Data records –
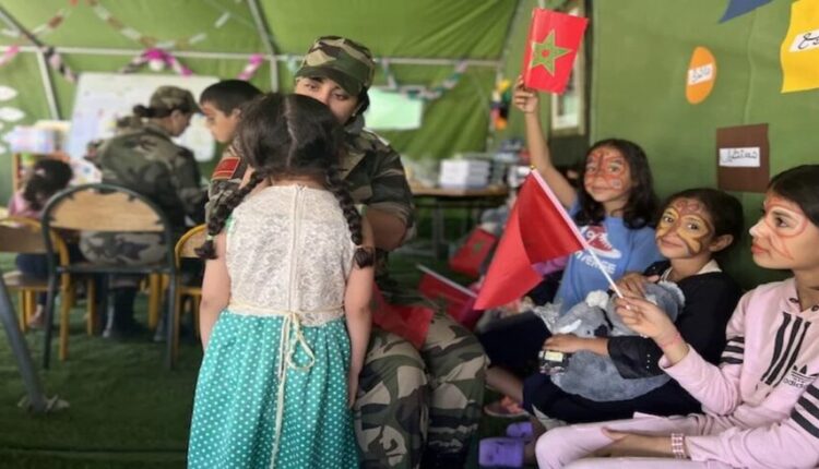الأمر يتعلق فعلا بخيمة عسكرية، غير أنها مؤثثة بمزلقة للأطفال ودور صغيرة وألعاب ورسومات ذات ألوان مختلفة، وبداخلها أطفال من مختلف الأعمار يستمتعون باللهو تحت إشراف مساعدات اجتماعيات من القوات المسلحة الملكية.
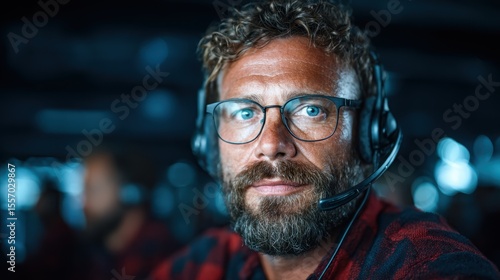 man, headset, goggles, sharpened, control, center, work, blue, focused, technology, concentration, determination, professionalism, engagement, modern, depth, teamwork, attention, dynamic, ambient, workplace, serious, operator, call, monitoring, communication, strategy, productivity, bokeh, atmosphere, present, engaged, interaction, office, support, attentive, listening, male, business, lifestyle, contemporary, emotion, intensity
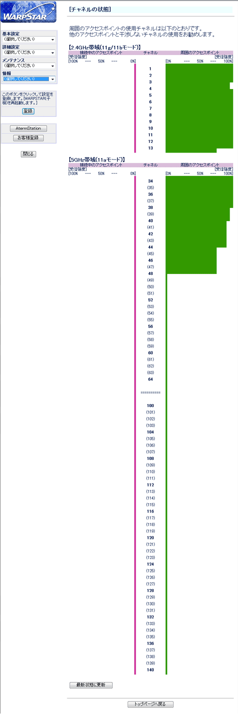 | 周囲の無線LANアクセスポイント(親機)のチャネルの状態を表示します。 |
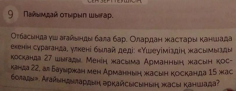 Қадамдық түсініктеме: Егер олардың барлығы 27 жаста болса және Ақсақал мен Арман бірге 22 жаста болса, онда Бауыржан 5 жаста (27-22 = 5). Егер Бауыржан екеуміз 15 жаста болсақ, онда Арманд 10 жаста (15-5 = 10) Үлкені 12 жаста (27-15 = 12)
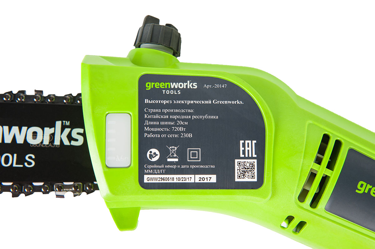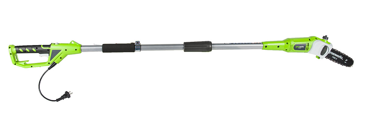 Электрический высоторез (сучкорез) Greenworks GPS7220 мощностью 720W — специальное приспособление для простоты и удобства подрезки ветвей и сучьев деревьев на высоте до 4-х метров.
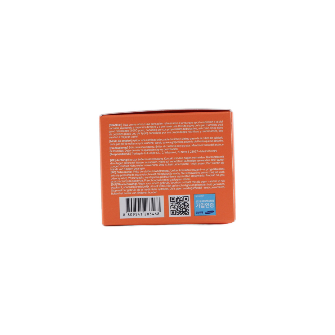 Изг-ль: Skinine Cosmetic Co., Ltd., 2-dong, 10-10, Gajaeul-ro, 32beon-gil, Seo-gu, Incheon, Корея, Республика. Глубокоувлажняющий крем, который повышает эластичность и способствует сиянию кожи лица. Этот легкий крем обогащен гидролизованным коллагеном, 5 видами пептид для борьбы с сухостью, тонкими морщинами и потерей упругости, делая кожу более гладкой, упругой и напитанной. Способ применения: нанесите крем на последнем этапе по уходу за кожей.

Directions – Pictures omitted, give the entries again exactly.

Solution to this exercise –
الأمر يتعلق فعلا بخيمة عسكرية، غير أنها مؤثثة بمزلقة للأطفال ودور صغيرة وألعاب ورسومات ذات ألوان مختلفة، وبداخلها أطفال من مختلف الأعمار يستمتعون باللهو تحت إشراف مساعدات اجتماعيات من القوات المسلحة الملكية.
 man, headset, goggles, sharpened, control, center, work, blue, focused, technology, concentration, determination, professionalism, engagement, modern, depth, teamwork, attention, dynamic, ambient, workplace, serious, operator, call, monitoring, communication, strategy, productivity, bokeh, atmosphere, present, engaged, interaction, office, support, attentive, listening, male, business, lifestyle, contemporary, emotion, intensity
 | 周囲の無線LANアクセスポイント(親機)のチャネルの状態を表示します。 |
 Қадамдық түсініктеме: Егер олардың барлығы 27 жаста болса және Ақсақал мен Арман бірге 22 жаста болса, онда Бауыржан 5 жаста (27-22 = 5). Егер Бауыржан екеуміз 15 жаста болсақ, онда Арманд 10 жаста (15-5 = 10) Үлкені 12 жаста (27-15 = 12)
 Электрический высоторез (сучкорез) Greenworks GPS7220 мощностью 720W — специальное приспособление для простоты и удобства подрезки ветвей и сучьев деревьев на высоте до 4-х метров.
 Изг-ль: Skinine Cosmetic Co., Ltd., 2-dong, 10-10, Gajaeul-ro, 32beon-gil, Seo-gu, Incheon, Корея, Республика. Глубокоувлажняющий крем, который повышает эластичность и способствует сиянию кожи лица. Этот легкий крем обогащен гидролизованным коллагеном, 5 видами пептид для борьбы с сухостью, тонкими морщинами и потерей упругости, делая кожу более гладкой, упругой и напитанной. Способ применения: нанесите крем на последнем этапе по уходу за кожей.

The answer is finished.